So far in this year’s data dump Xenite has lost about 40% of its Google indexed pages. Of the pages that I think may be in the Main Web Index, I think maybe 1/3 have gone missing. So most of the lost visibility is coming from my Supplemental Results pages. These pages don’t get much traffic from Google anyway so I haven’t taken nearly as much of a hit in traffic as I did in 2005.

That’s the good news.

The bad news is that I have client sites that have also taken hits, although not all of them. In fact, some client campaigns are soaring along. One could easily ask why anyone might complain, if one were to look only at those well-performing client campaigns. But any time a search engine drops pages from its index it will continue to serve up other content for queries. So naturally when you have many losers in the SEO game you’re going to see many transient winners, too.
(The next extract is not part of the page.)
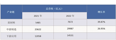 2022年,前500企业中,原材料企业的总营业收入达7672亿元,比上年的5485亿元增加2187亿元(见表5),增长39.87%;中游制造企业的总营业收入为29987亿元,比上年的23622亿元增加6365亿元,增长26.95%;下游应用企业的总营业收入为14531亿元,比上年的12058亿元增加2473亿元,增长20.51%。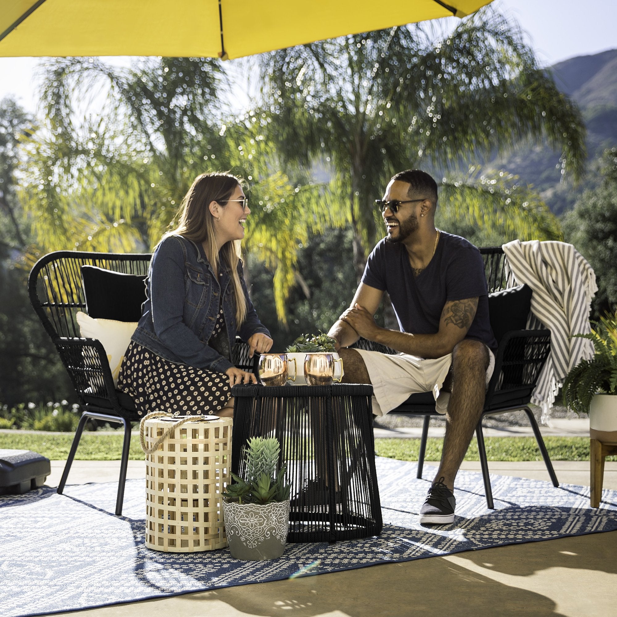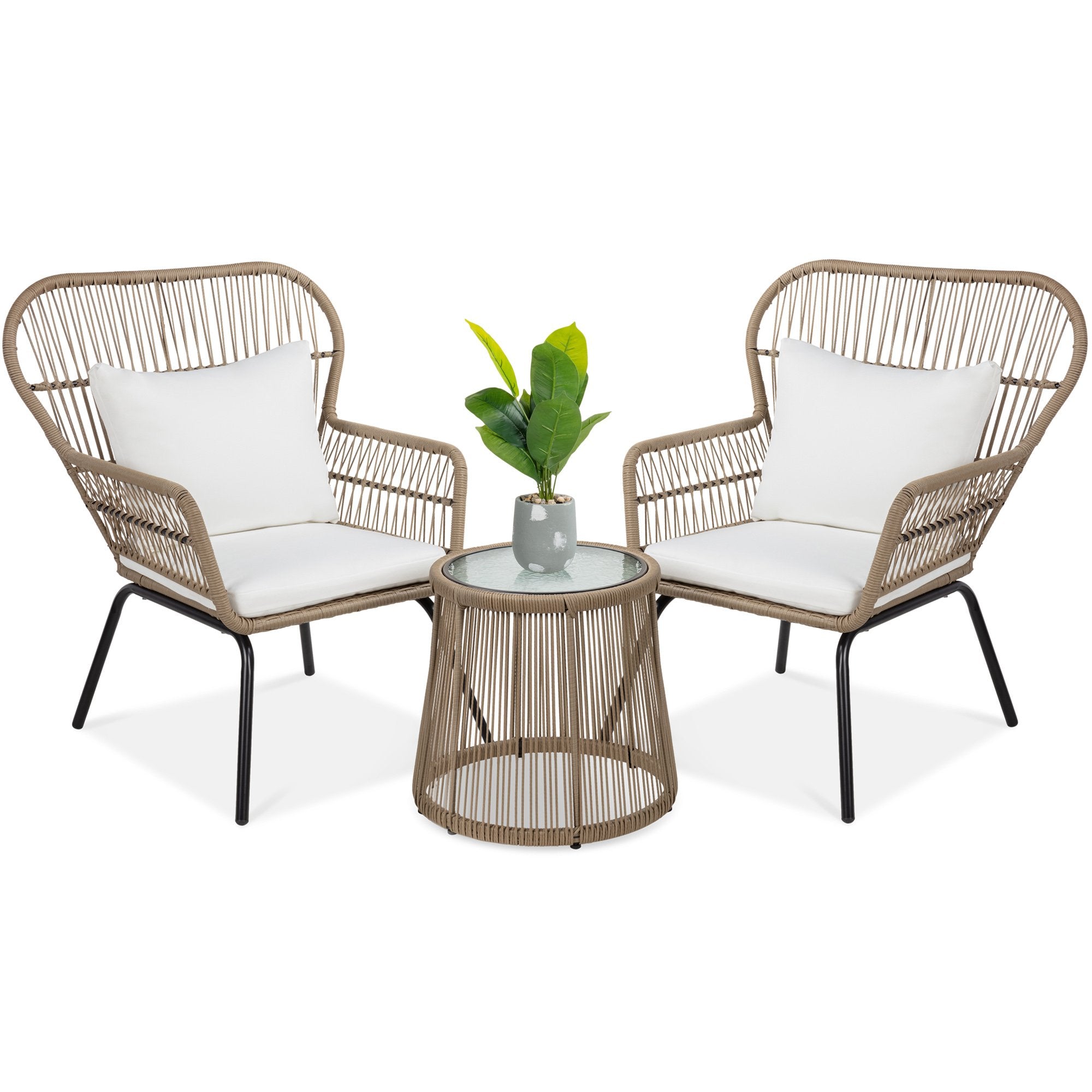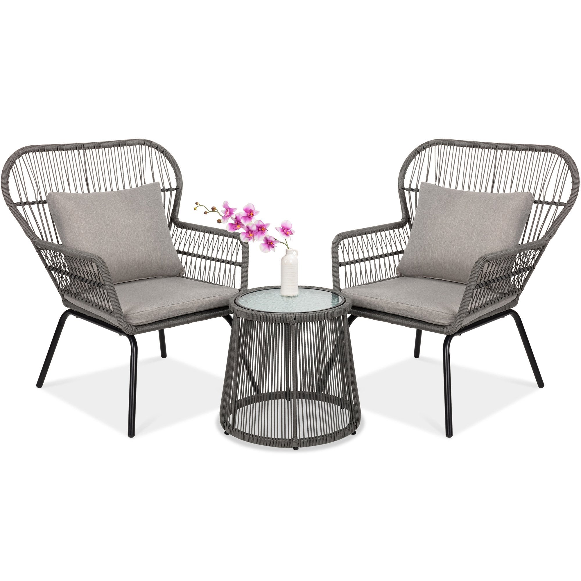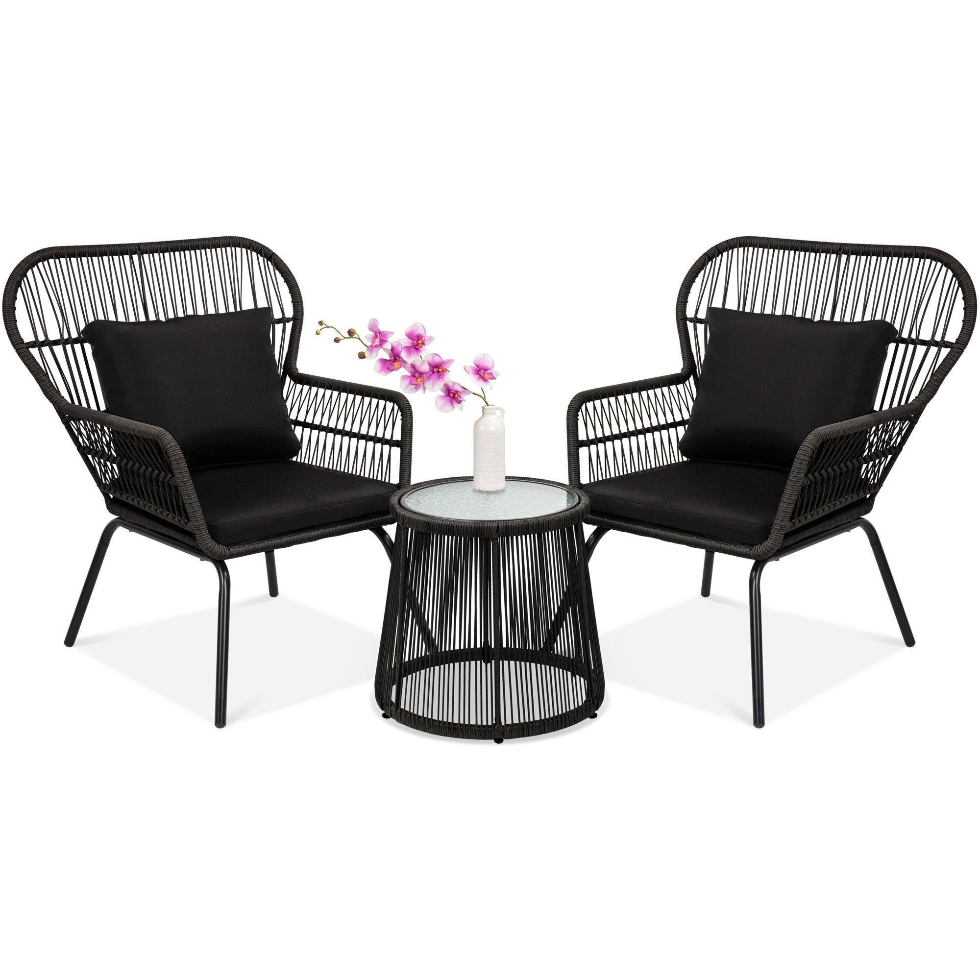 3-PIECE BISTRO SET: This outdoor set is composed of 2 armchairs and a circular accent table to place small decor, snacks, and beverages

Only time will tell if we see the Google search index return to its pre-August state. Frankly, I’ve been disappointed with Google’s query results for several months. Finding specific information has become increasingly difficult as they have moved more pages into the Supplemental Results Index. But through the past two massive data dumps the index results saw significant improvement in quality after Google finished churning.

In the meantime, what can you do if you are losing pages? Normally when a search engine launches an update I tell people not to analyze too much and not to agonize. It’s usually best to do nothing because the updates don’t normally last long. But this data dump has already gone on for 2 weeks or longer and I see no indication of a reduction in stress. So it may be prudent for people to try a few things.
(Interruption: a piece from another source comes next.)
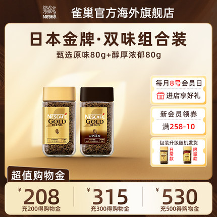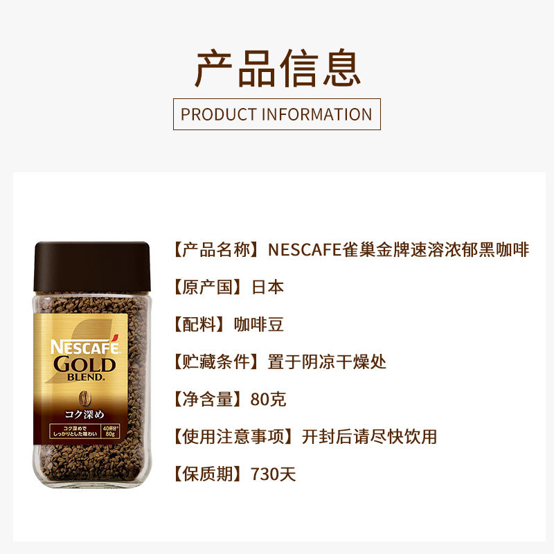 Nestle雀巢进口金牌冻干纯黑咖啡粉原味浓郁速溶咖啡提神80g*2瓶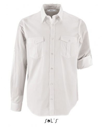 QUALITÄT: VORGEWASCHENE POPELINE - 100% Baumwolle; 110 g/m²; Gerader Schnitt, lange Ärmel, 2 aufgesetzte Taschen mit Pattenverschluss, Patte für Krempelärmel, Knopfleiste mit 7 Knöpfen

First, even though Google is dumping old content, it is still adding new content to its index. We know that blogs, news sources, and high traffic sites will continue to be indexed even if their sites lose some older content. So it follows that any site should be able to launch new content with a reasonable expectation of seeing it indexed at some point. I don’t yet know if Google is suppressing XML sitemap content. I’ve put up some test sitemaps to see if I can get new content and maybe some deindexed content into the index.

If you publish an RSS or XML feed, try adding some of your dropped pages to it. That’s the experiment part of the SEO Method. Then wait a week and see if you can find your lost pages (or new pages). That’s the evaluate part of the SEO Method. If you don’t see any progress then re-evaluate your linking strategies. It may be that Google is not recrawling your links as much as it had.
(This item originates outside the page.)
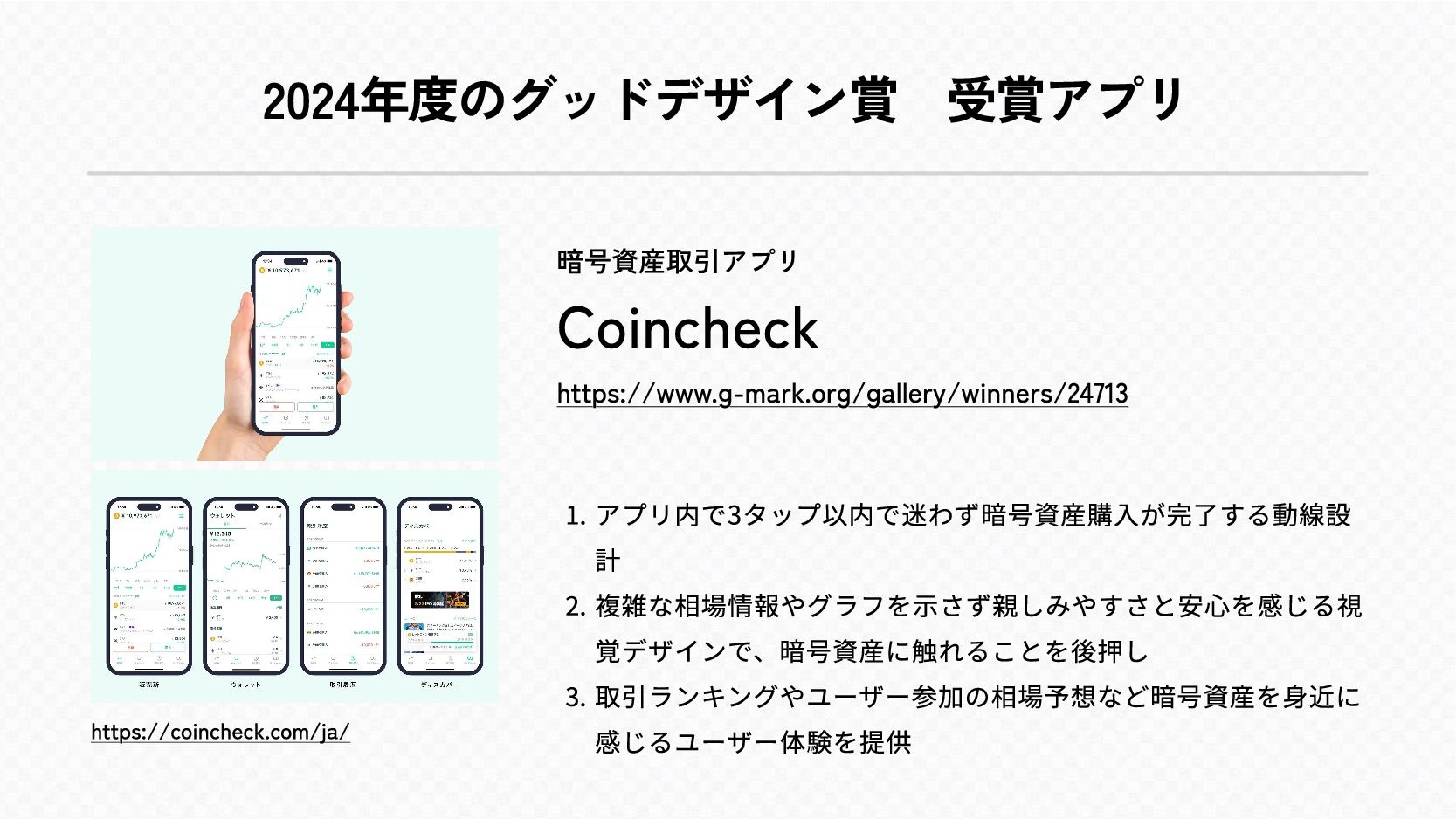 2024年度のグッドデザイン賞 受賞アプリ https://coincheck.com/ja/ 暗号資産取引アプリ Coincheck https://www.g-mark.org/gallery/winners/24713 アプリ内で3タップ以内で迷わず暗号資産購入が完了する動線設 o 複雑な相場情報やグラフを示さず親しみやすさと安心を感じる視

New content has always worked best for me. I can bring people into my Web sites and send them to older pages if those pages are still relevant to current searcher interests. And though creating new content is time-consuming, anyone who has been putting off a major site redesign might want to take advantage of their lost visibility to do the dirty work. After all, if Google has dropped your pages, you’re not risking much by revamping your content.

Remember to handle URL changes carefully because old links and other search engines still matter.

And speaking of other search engines, whenever Google dumps lots of pages from the index many people look around to see what they can do to optimize for other search engines. One thing you can do is help your visitors to find content they want through other search engines: update your on-site search tools (remember, Google isn’t indexing your pages) to use search engines that provide better indexing; and mention search engines people can use to find your site in your copy, your advertisements, and your promotional literature.

Now might be a good time to seek out new relationships with other Web sites. I’m not talking about swapping links or cheap articles. I’m talking about forging legitimate business functions between two or more sites so that all parties benefit from the traffic they generate. It’s never too late to build a great network of partners who help you promote your products and services.

Finally, now might be a good time to take a vacation. Fretting over data dumps, updates, and algorithm changes isn’t really productive. Every now and then even old sites have to lose some visibility. People can spend the next few weeks recharging their emotional batteries, putting the finishing touches on their Fall campaigns, and developing new content ideas.

If you make Google less relevant to both your life and your business model you’ll find that occasional losses of visibility don’t matter that much.

{ 10 comments… read them below or add one }

deInternetMarketeer 09.03.07 at 3:03 pm

Michael,

Do you think this is a big update?
I remember BigDaddy and that was a period like you describe now with a big crash a month later with lots of sites in supplementals or totally gone.
(That perhaps was an unexpected error at Google.)

I’ve also seen some changes in indexed pages and i’ve also seen people reporting something like this in a Dutch forum and elsewhere.

Michael Martinez 09.04.07 at 8:02 am

I’ll know it was a big update when it’s over. For now, I just have to sit and wait like everyone else. It’s always risky to analyze search results when the search engine is rolling out changes. It may be that all Google did was dump data from the index and start a rebuild.

deInternetMarketeer 09.06.07 at 3:01 am

If i look at some Dutch results i definately see some big changes for some queries i checked. Mine mostly have improved :-)

So i think they did more then just dump although you’re right and we have to see where this leads to in a few weeks.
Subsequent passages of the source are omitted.